Recorded information
- - -

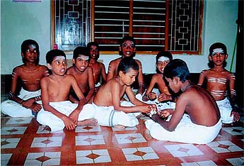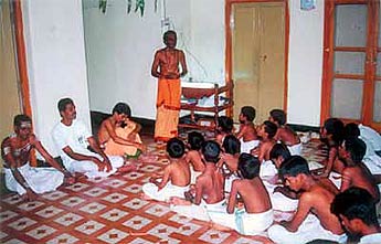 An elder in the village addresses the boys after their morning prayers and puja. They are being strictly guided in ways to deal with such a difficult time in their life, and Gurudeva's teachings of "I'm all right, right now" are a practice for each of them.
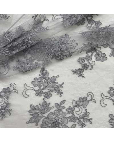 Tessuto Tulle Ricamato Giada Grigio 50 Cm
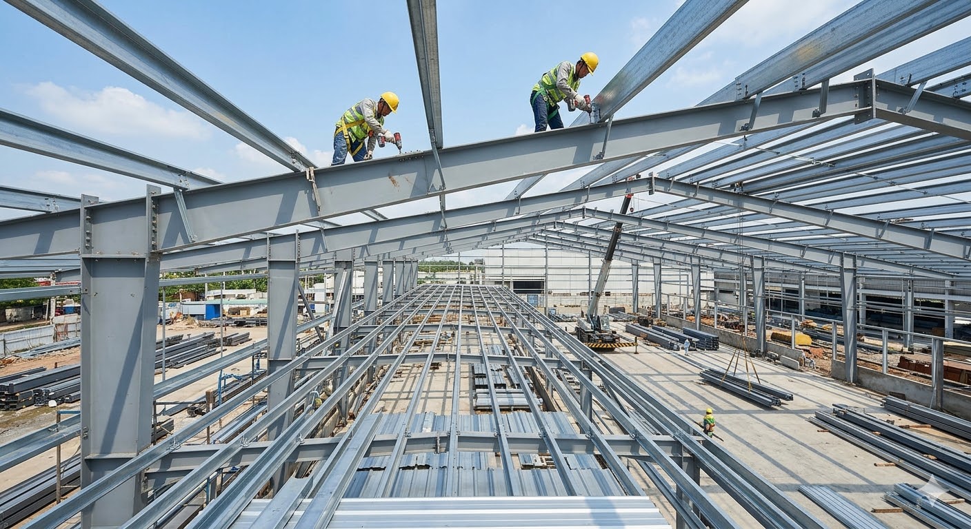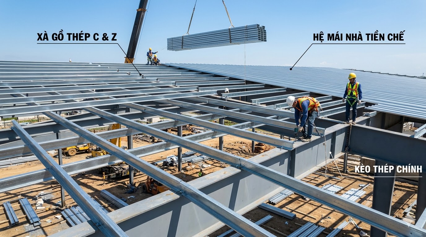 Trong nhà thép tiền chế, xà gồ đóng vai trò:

- - -

Exercise prompt
Except for the pictures, please retype the listing above exactly.

Written solution
 An elder in the village addresses the boys after their morning prayers and puja. They are being strictly guided in ways to deal with such a difficult time in their life, and Gurudeva's teachings of "I'm all right, right now" are a practice for each of them.
 Tessuto Tulle Ricamato Giada Grigio 50 Cm
 Trong nhà thép tiền chế, xà gồ đóng vai trò:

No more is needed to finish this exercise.